Bas de Leeuw (Managing Director, World Resources Forum), co-chair of the session, gave the opportunity to the participants to highlight the key message and lessons learnt from the discussions.
They came to the following findings:
• It is imperative for industry, governance and independent bodies to attain an intersectional point. We say no to working in silos. Collaboration=Win-win
• The main challenge is to set a “common goal” that involve all stakeholders in the raw materials industry in order to consider sustainability in a holistic approach
• Strong political leadership and support is crucial to facilitate an effective dialogue between the different sectors/silos/audiences to really change things in the real world,
• Rethink mining industry to make it more transparent
• Leadership to sustainable mining is needed in all the different silos (policies, industry, etc.)
In his closing words, De Leeuw informed the participants that the outcomes of this discussion and progress made will be reported to the upcoming World Resources Forum 2019, to be held in Geneva, October 23-24, 2019 as well as to the Raw Materials Week, to be held in Brussels, November 18-22, 2019.
The Raw Materials Summit, the flagship event organised by the EIT RawMaterials, has taken place on 20-22 May in Berlin, Germany. EIT RawMaterials, initiated and funded by the EIT (European Institute of Innovation and Technology), a body of the European Union, is the largest consortium in the raw materials sector worldwide. Its vision is to develop raw materials into a major strength for Europe. Its mission is to enable sustainable competitiveness of the European minerals, metals and materials sector along the value chain by driving innovation, education and entrepreneurship. EIT RawMaterials unites more than 120 core and associate partners and over 190 project partners from leading industries, universities, research and technology organizations from more than 20 EU countries. Partners of EIT RawMaterials are active across the entire raw materials value chain; from exploration, mining and mineral processing to substitution, recycling and circular economy.
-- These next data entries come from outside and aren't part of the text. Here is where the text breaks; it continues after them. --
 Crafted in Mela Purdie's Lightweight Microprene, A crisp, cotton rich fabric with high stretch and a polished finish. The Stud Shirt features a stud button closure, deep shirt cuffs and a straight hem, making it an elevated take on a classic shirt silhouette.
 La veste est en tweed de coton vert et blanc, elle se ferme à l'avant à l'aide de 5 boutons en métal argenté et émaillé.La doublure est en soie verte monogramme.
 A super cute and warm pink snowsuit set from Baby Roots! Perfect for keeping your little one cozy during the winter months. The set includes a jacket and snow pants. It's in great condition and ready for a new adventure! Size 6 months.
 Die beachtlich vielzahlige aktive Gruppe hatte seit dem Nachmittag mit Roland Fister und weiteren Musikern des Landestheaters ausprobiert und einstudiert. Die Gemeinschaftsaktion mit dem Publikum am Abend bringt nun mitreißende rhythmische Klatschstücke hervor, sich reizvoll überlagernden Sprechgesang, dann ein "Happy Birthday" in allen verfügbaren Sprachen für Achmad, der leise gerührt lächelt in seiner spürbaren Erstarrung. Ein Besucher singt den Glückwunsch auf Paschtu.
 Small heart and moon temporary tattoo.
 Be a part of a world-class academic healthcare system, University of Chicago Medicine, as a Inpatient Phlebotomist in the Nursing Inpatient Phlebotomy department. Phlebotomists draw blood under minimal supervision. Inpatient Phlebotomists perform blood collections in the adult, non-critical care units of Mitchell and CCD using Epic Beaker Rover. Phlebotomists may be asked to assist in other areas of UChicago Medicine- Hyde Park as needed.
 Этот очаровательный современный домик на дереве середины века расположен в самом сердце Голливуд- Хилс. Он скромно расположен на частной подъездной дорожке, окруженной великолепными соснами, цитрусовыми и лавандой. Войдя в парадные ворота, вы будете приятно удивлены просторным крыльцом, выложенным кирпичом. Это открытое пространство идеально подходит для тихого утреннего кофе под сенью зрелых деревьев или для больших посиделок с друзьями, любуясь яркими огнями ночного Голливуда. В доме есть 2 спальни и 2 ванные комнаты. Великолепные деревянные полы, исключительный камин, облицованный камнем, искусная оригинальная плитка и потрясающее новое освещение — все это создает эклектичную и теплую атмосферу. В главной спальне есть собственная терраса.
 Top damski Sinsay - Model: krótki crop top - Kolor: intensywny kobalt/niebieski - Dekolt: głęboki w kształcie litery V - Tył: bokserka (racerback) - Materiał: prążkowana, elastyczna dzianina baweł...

They collaborate on finding new, innovative solutions to secure supplies and improve the raw materials sector in Europe. The summit has gathered experts from Europe and the rest of the world to discuss Innovation and new Technologies covering the entire raw materials value chain. Most relevant topics in the raw materials sector were addressed such as strategies concerning supply and access of raw materials, European industrial competitiveness and innovation capacity as well as entrepreneurship and innovation in education.